#### Stored data entries:
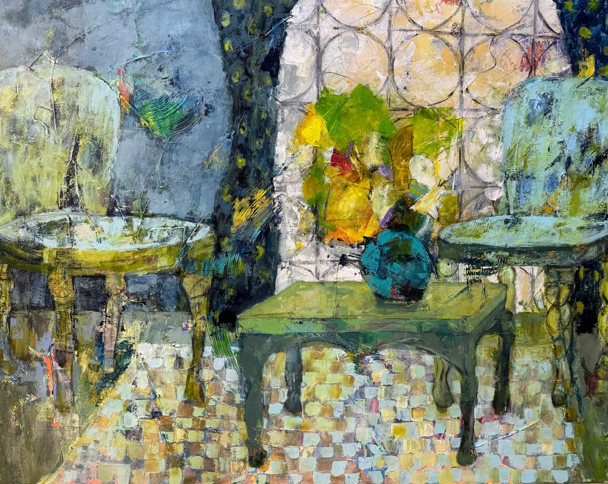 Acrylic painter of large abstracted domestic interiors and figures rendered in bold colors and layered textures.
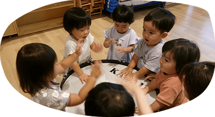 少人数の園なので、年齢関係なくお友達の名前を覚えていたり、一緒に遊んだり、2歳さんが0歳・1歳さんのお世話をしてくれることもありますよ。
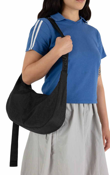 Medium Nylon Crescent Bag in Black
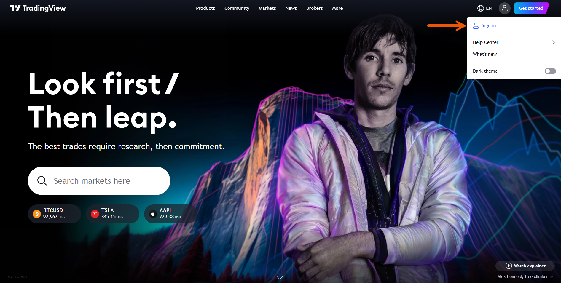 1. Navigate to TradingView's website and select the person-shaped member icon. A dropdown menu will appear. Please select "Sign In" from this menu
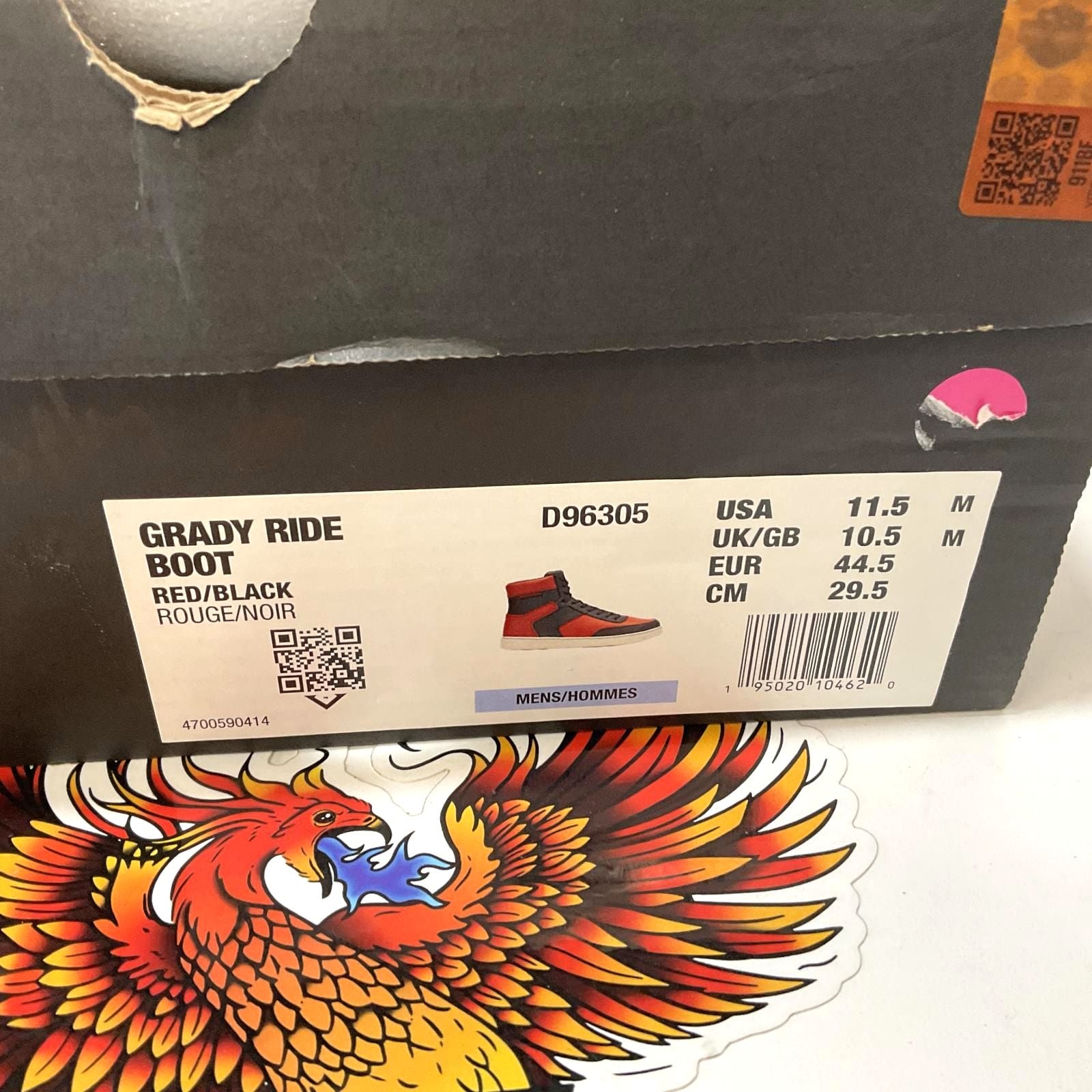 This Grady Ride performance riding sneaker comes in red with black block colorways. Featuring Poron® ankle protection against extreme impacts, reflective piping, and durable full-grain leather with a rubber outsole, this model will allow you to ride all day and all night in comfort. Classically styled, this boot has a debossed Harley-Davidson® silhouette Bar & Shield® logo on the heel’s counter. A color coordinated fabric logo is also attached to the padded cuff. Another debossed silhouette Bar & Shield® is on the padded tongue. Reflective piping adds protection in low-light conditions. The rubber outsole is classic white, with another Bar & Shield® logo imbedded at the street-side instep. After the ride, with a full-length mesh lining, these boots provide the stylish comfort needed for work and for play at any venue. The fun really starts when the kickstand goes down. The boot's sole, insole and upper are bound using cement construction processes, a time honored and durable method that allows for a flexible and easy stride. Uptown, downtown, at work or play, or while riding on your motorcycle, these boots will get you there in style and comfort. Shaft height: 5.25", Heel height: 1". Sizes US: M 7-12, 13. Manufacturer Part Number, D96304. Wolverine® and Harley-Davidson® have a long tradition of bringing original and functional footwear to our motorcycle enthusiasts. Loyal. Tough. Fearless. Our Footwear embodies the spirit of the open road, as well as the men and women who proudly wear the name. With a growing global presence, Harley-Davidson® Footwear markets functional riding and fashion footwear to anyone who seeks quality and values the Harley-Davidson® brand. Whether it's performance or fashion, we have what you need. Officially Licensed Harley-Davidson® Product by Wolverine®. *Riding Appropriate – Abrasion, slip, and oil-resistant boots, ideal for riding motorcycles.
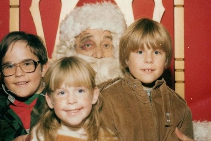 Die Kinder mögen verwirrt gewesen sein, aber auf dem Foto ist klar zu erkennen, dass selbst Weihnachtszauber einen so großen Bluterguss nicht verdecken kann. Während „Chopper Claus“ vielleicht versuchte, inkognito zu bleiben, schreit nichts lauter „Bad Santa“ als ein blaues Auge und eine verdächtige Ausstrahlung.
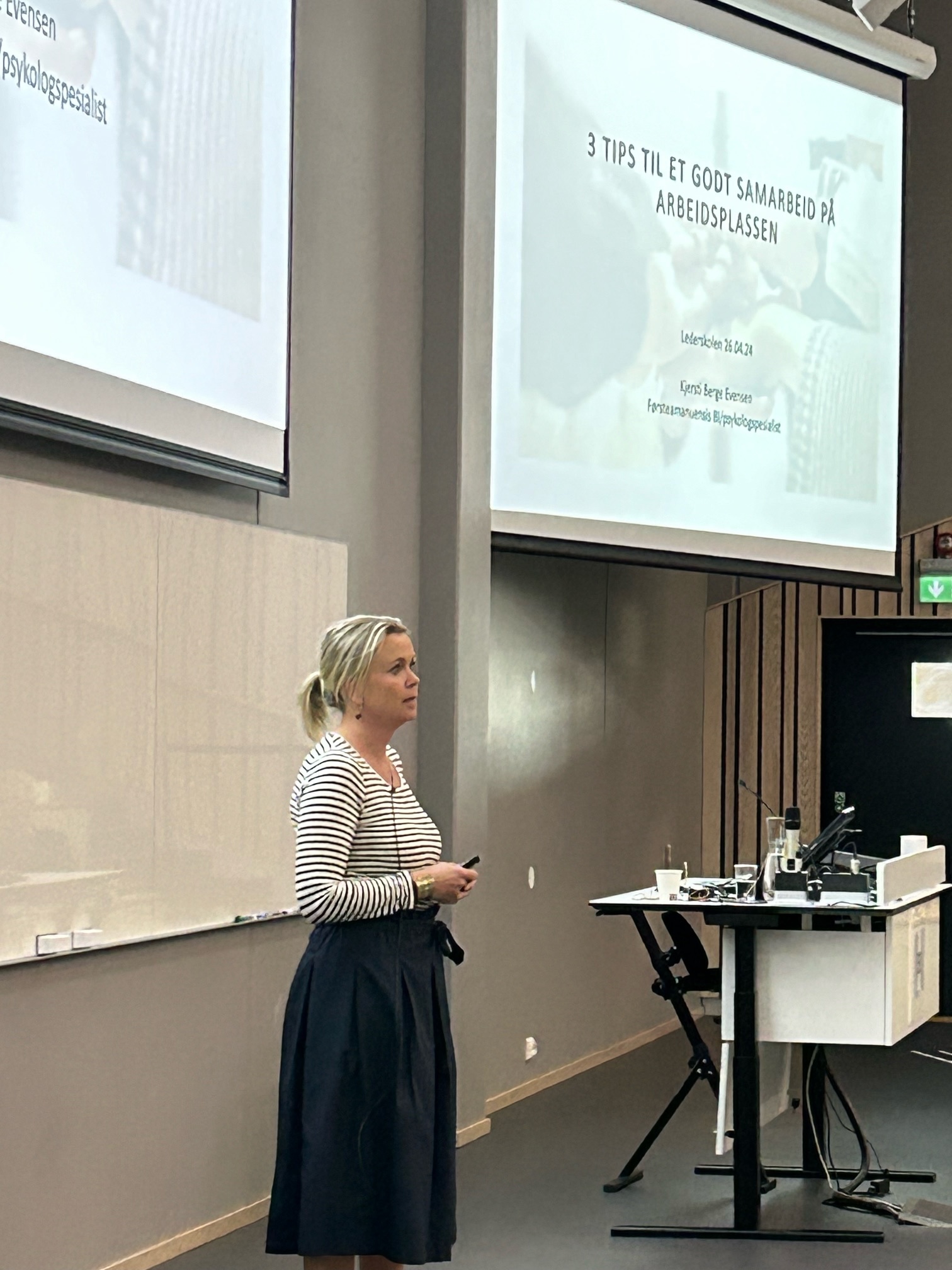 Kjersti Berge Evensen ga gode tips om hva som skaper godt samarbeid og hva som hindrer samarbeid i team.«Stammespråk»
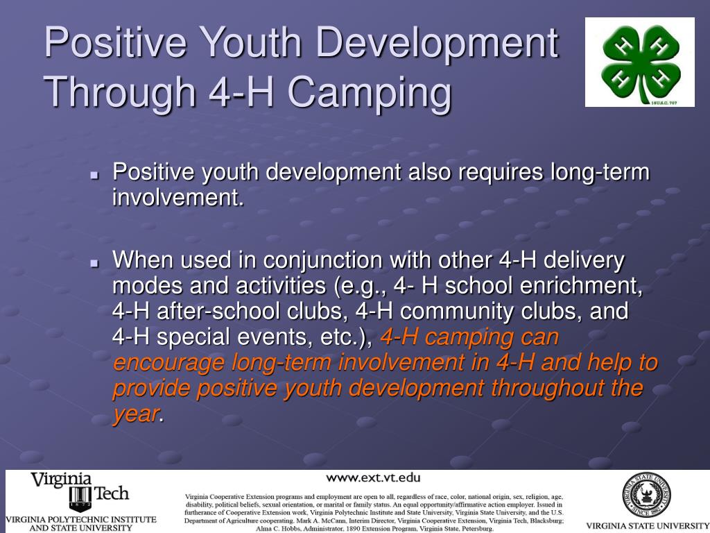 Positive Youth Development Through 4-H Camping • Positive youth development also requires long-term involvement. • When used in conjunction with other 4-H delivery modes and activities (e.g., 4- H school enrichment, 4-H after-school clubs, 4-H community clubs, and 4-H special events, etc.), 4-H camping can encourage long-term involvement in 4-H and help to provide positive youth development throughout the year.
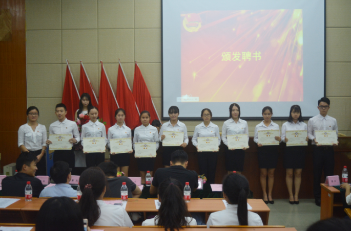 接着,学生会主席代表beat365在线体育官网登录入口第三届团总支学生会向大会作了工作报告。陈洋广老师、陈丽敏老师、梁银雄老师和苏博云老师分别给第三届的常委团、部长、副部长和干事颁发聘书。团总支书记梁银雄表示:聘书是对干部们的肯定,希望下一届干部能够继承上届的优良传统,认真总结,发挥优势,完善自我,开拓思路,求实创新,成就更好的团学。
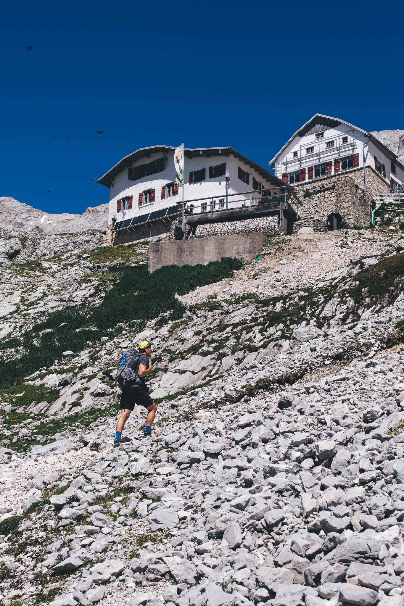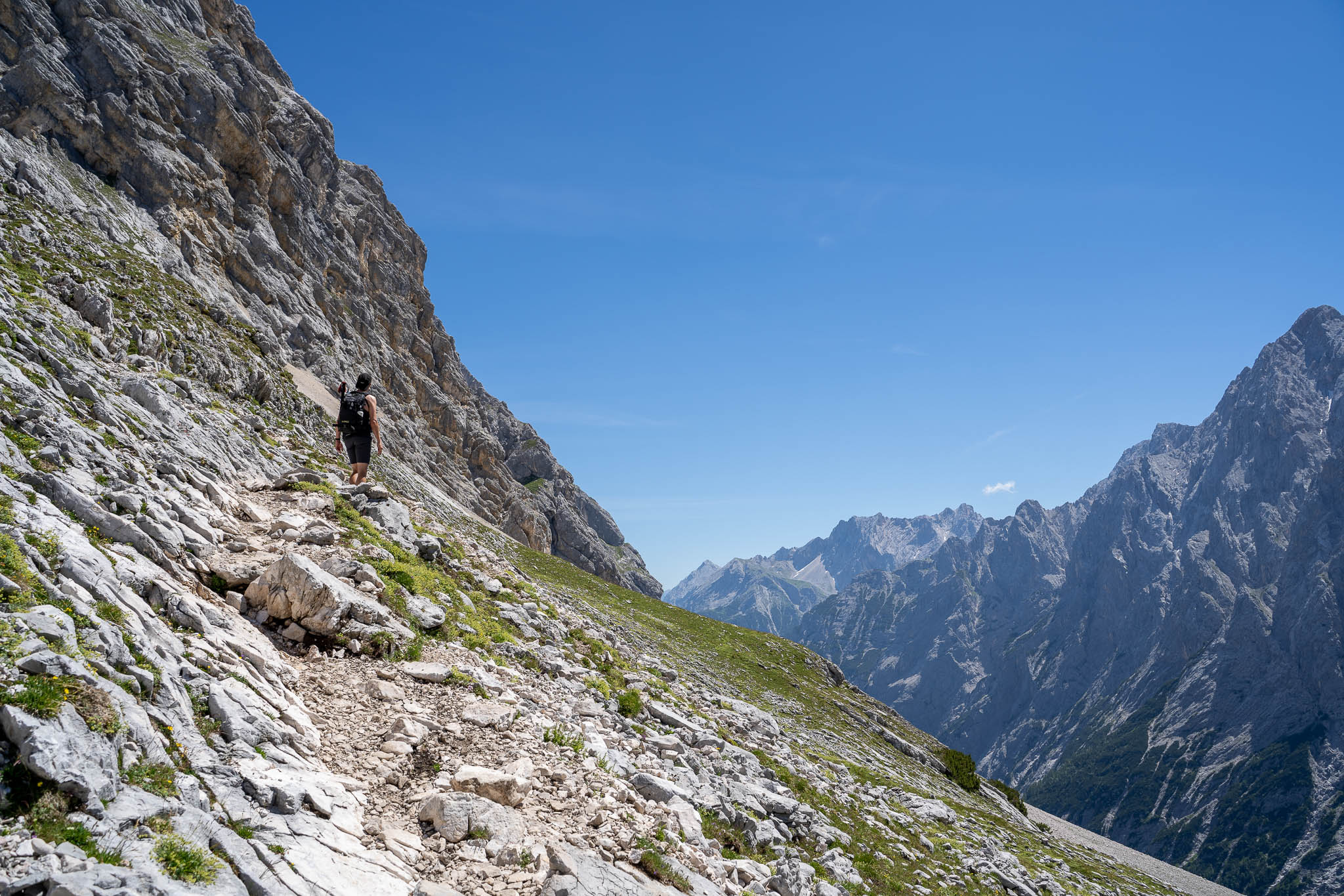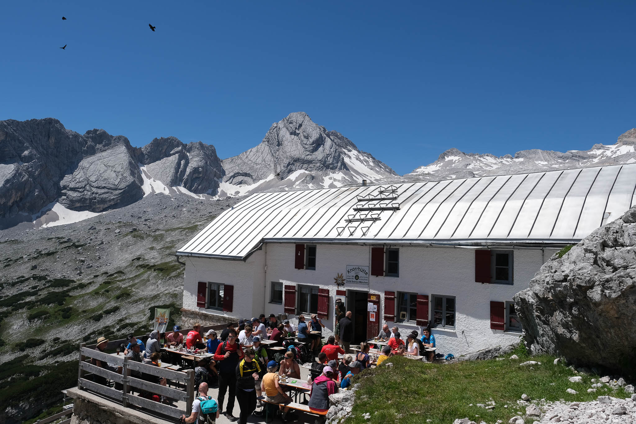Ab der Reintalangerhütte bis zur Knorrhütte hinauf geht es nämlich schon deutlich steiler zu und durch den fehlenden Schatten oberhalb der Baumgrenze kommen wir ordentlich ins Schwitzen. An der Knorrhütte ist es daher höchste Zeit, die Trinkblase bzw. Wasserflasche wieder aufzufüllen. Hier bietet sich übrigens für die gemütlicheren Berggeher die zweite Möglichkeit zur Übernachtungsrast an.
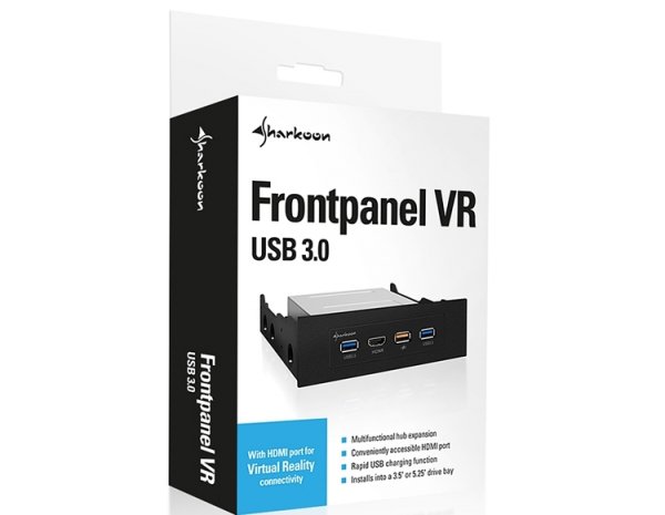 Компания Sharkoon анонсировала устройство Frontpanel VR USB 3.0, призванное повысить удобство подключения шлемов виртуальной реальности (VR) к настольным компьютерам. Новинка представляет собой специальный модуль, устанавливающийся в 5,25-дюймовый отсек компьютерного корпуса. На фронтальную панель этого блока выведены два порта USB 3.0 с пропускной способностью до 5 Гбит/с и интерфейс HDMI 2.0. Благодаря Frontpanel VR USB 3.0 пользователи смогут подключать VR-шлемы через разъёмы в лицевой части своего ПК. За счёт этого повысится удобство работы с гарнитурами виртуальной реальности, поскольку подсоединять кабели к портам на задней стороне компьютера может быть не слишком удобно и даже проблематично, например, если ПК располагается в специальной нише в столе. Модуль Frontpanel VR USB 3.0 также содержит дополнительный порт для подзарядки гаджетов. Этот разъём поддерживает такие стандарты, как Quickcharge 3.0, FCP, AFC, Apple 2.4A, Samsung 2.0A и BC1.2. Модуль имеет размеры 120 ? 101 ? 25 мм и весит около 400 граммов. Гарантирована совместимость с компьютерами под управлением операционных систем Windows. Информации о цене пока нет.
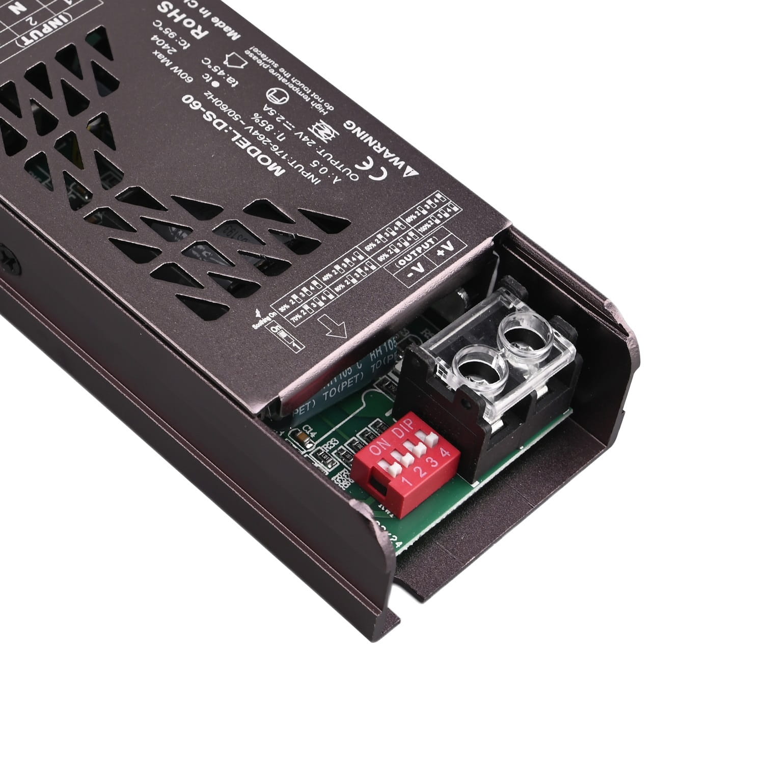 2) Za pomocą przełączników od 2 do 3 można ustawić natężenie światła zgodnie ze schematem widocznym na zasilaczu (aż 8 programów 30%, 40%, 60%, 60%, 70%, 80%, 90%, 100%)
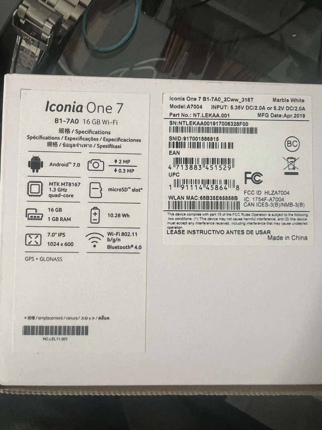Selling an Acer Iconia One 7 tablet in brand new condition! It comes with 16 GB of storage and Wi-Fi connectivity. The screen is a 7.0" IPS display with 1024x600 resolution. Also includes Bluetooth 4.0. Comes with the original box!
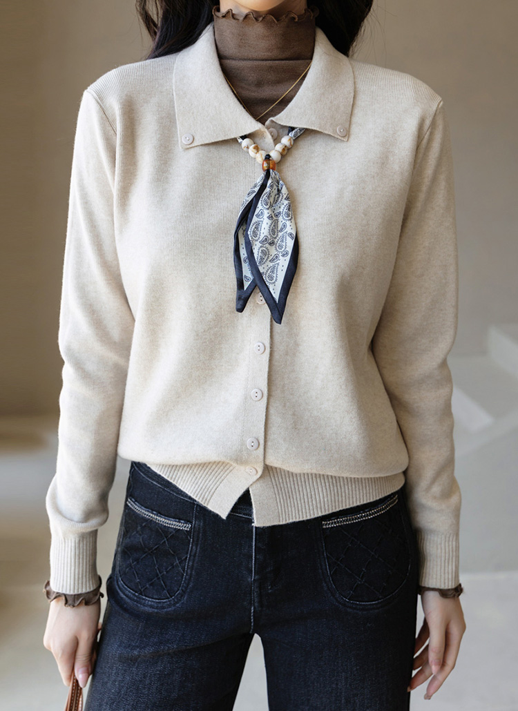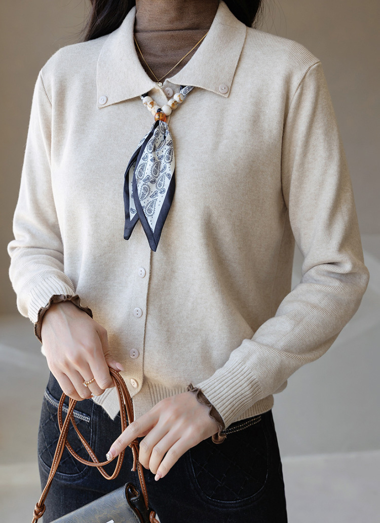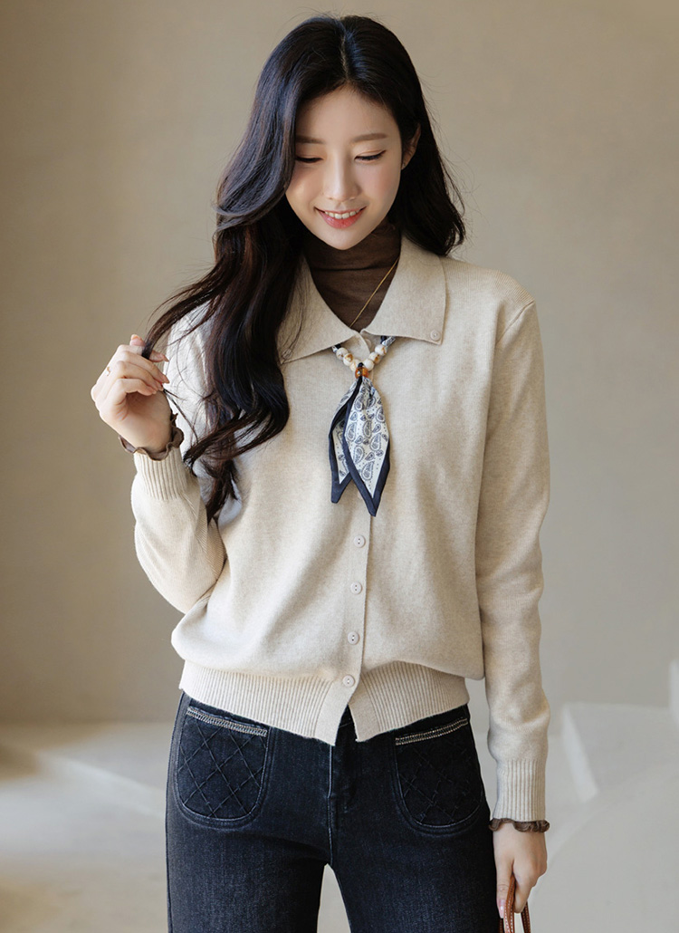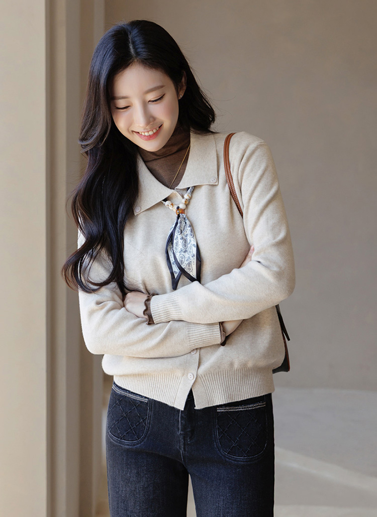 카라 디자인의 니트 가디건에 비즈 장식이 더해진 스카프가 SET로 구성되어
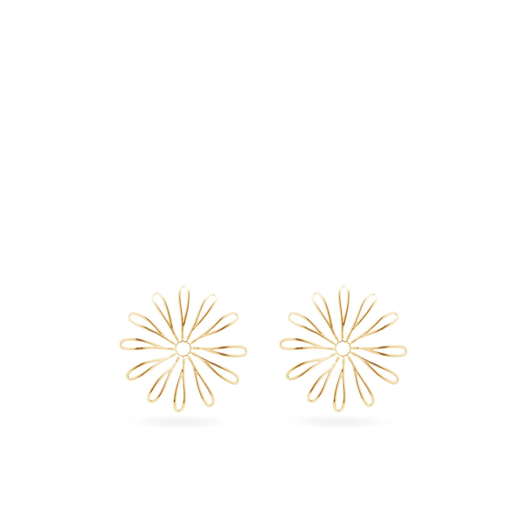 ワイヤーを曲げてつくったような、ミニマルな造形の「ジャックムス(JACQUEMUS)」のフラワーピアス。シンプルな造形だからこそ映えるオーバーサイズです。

#### Exercise:
Reproduce only the lines from the beginning of the data through the line that contains "Medium Nylon Crescent Bag in Black", both included, and please drop the pictures.

#### Answer section:
 Acrylic painter of large abstracted domestic interiors and figures rendered in bold colors and layered textures.
 少人数の園なので、年齢関係なくお友達の名前を覚えていたり、一緒に遊んだり、2歳さんが0歳・1歳さんのお世話をしてくれることもありますよ。
 Medium Nylon Crescent Bag in Black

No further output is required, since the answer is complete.